The Notice and Proxy Statement, Annual Report on Form 10-K and Dutch Annual Report are available at www.proxyvote.com.

 

 

 

 

M75196-P47789        

 

 

TORNIER N.V.

PROXY

Annual General Meeting of Shareholders

June 26, 2014

(Solicited on Behalf of the Board of Directors)

The undersigned shareholder of Tornier N.V. hereby constitutes and appoints David H. Mowry and Kevin M. Klemz, or either one of them, to act as the attorneys and proxies of the undersigned, each with full power of substitution and revocation, to vote for and otherwise to represent in the name, place and stead of the undersigned at the Annual General Meeting of Shareholders of Tornier N.V. to be held at the Company’s offices at Prins Bernhardplein 200, 1097 JB Amsterdam, the Netherlands, on Thursday, June 26, 2014 at 9:00 a.m. (Central European Time), the number of votes the undersigned would be entitled to cast if personally present at the meeting.

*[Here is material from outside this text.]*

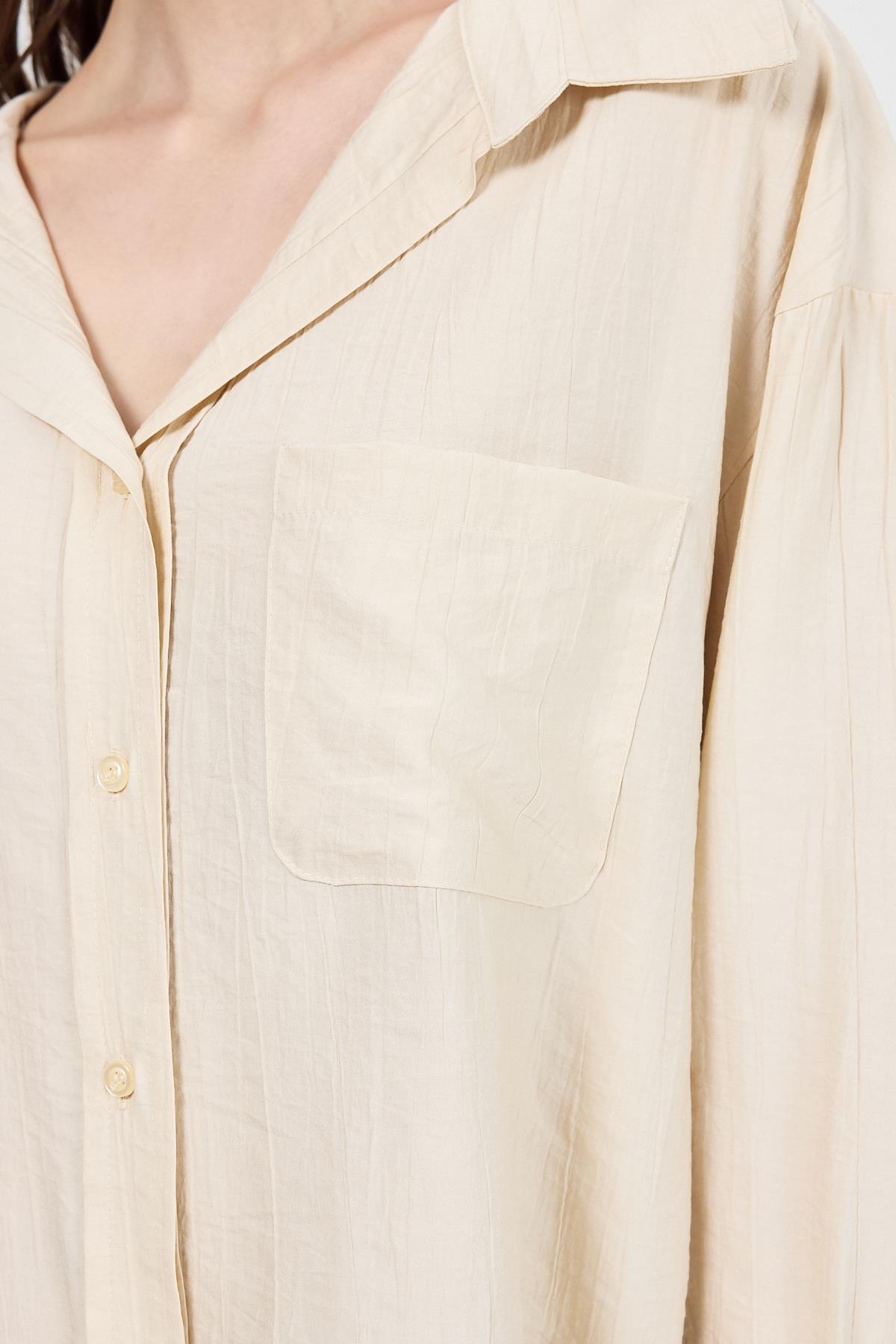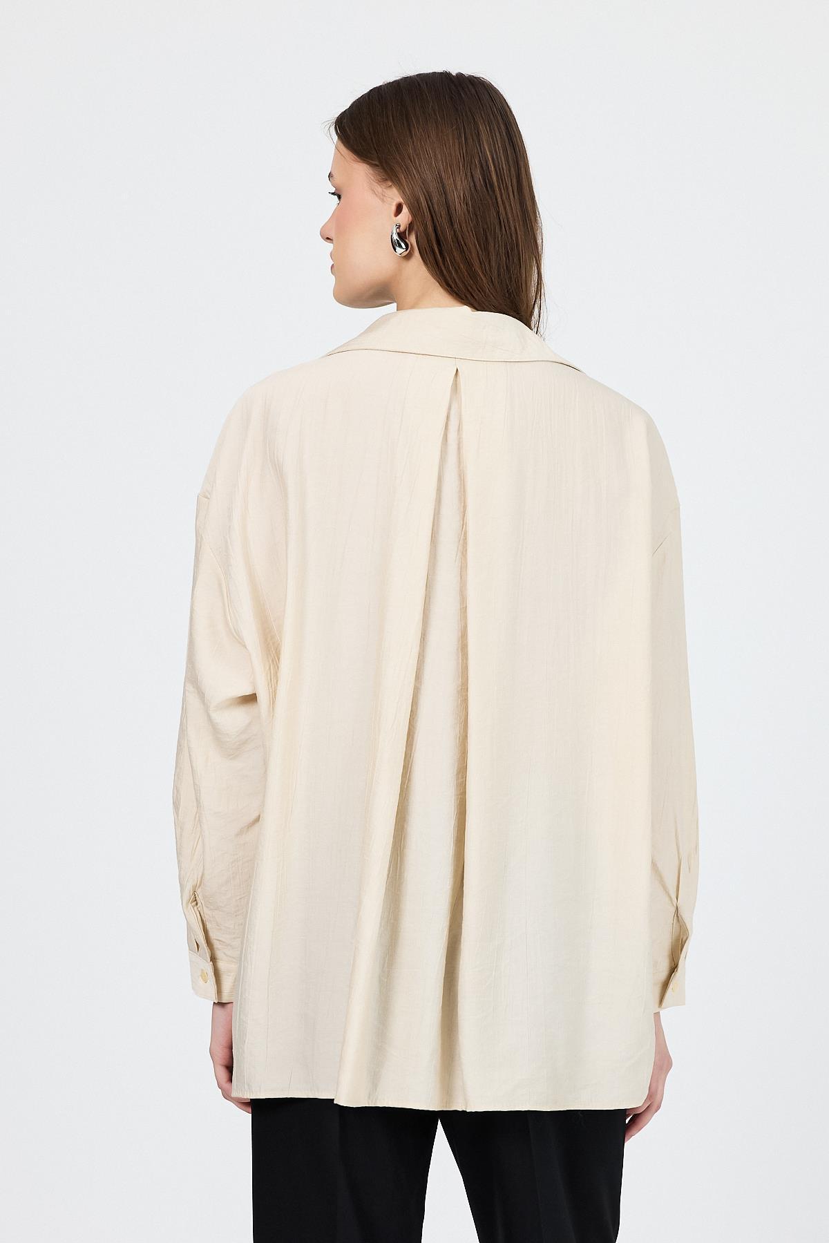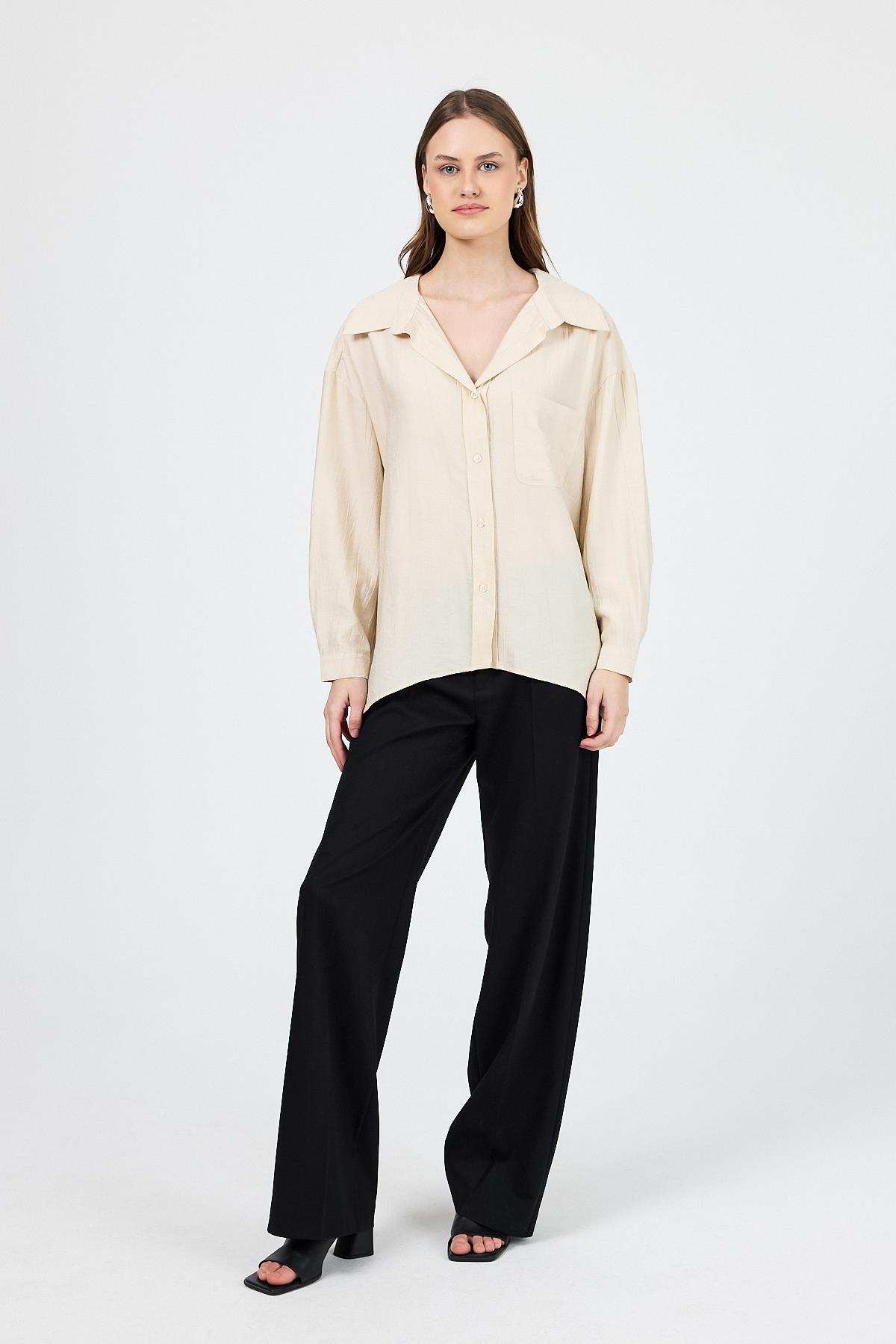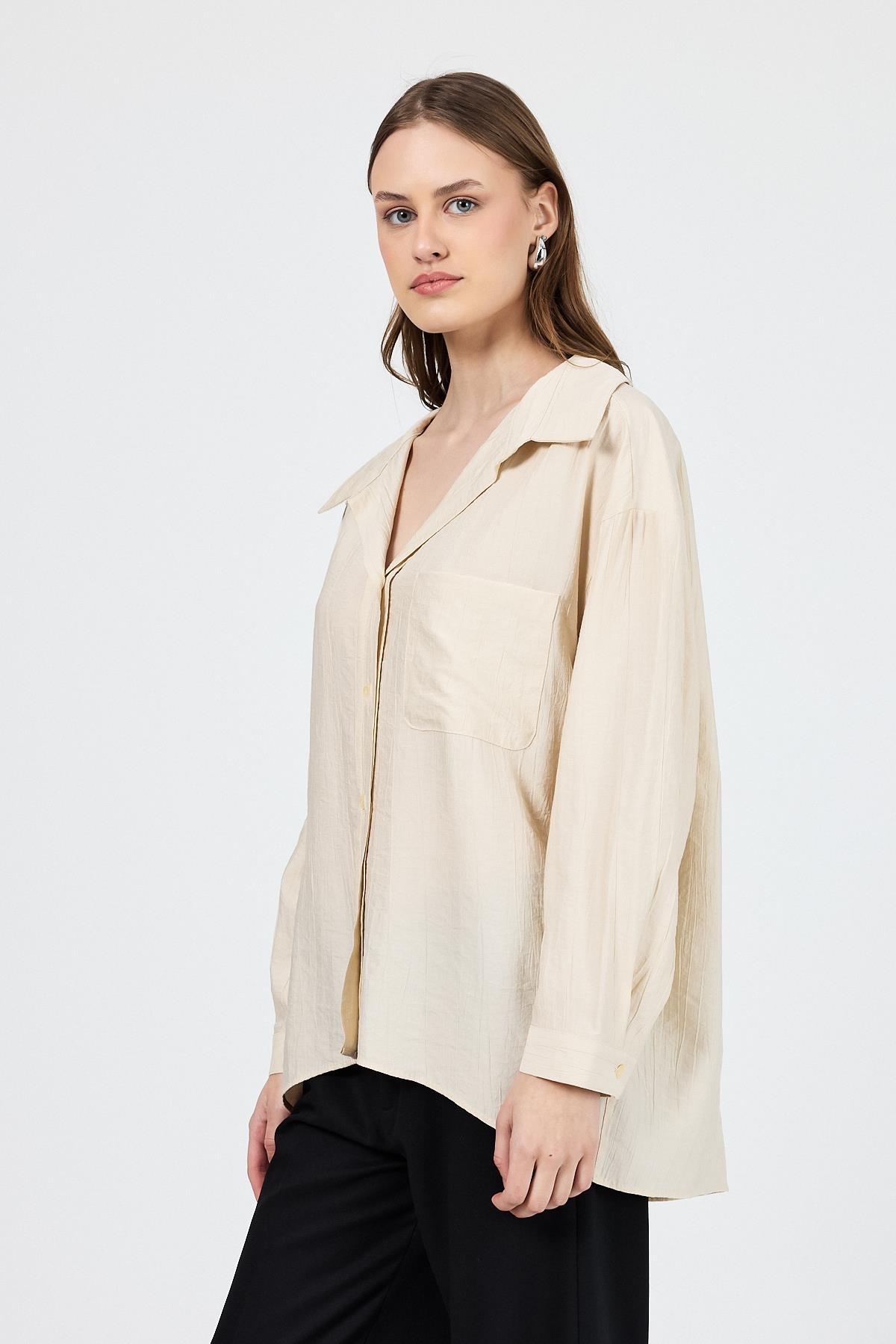 Bej Tek Cep Detaylı Dokuma Gömlek 4641A

WHEN PROPERLY EXECUTED, THIS PROXY WILL BE VOTED IN THE MANNER DIRECTED HEREIN BY THE UNDERSIGNED SHAREHOLDER. IF NO DIRECTION IS MADE, THIS PROXY WILL BE VOTED “FOR” PROPOSAL NO. 1(A)-(B) AND “FOR” EACH OTHER PROPOSAL. The instructions entitled to be cast by the undersigned will be cast in the discretion of the proxy holder on any other matter that may properly come before the meeting.